Across the CEE region, the share of online sales varies quite considerably from early single digits in some countries, up to >18% in the Czech Republic. This year, the majority of these figures have grown at historically fastest ever rates, but this still leaves more than 80% of the sales in other channels.
There are a few other factors at play in the retail sector which have still yet to be resolved to create more balance:
- many retailers are present through a franchise partner, who may also operate several brands.Quite often franchise partners do not have control or the rights to the e-commerce platform of the parent brand, thus limiting their ability to sell online.
- Another factor can be geographical, where some platforms cannot sell across certain borders
- Many retailers are also trying to drive consumers towards the click&collect option where there is more control, and where additional purchases are likely to be made on top.
Retail Property Market in CEE 17 - key figures
The shopping center market in the CEE-17 is consists of almost 1,670 facilities, with a total GLA of over 34.6 million m² GLA, serving over 172 million consumers.

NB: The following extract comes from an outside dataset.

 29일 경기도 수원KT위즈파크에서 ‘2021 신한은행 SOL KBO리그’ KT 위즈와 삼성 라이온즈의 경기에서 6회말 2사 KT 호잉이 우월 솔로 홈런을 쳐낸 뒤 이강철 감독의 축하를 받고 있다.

The size of this market is also reflected in the annual purchasing power of the population with a total value of EUR 893 billion. It should however be noted that the purchasing power of Central and Eastern European consumers is very diverse. Among the 17 countries analysed there are those with a purchasing power of 9,500-12,500 EUR per capita per year (Slovenia, Estonia, Czech Republic, Poland, Slovakia, Lithuania,) but also those with 1,500-3,500 EUR per capita per year (Ukraine, Belarus, Albania, Bosnia and Herzegovina).

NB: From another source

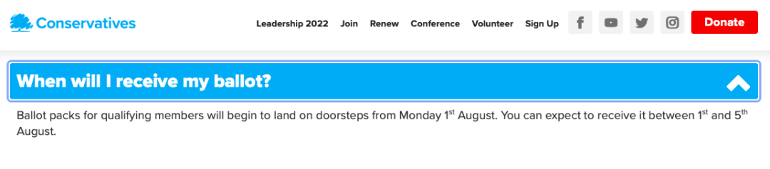 按照保守党网站的信息,具备投票资格的保守党成员*将于8月1日至5日收到邮寄的选票包,并在英国当地时间9月2日17:00前完成投票。

The shopping center markets in the CEE-17 are also at different stages of development. The highest saturation of space per 1,000 inhabitants is recorded in Estonia (738 m²) with the lowest being in Albania (104 m²).
The highest volume of retail space is located in Poland (12.1 million m² in 532 facilities) and the Czech Republic (4.2 million m² in 232 facilities) with the smallest being in Montenegro (110,000 m² in 14 centers).
There has been an increase in the number of small shopping centre formats and retail parks, considered by both developers and tenants as profitable investments, and by consumers as comfortable and safe places to shop. At present, there are approximately 670 such centres operating in the CEE-17 countries, with a total GLA of 6 million m². The largest number of small schemes (5-10 000 m2 GLA, over 10 units) operate on the highly competitive shopping centre markets in Poland (1.2 million m² of GLA, in 164 schemes). Having said this we can assume that in the coming years the main type of retail investments will be small convenience centres/parks.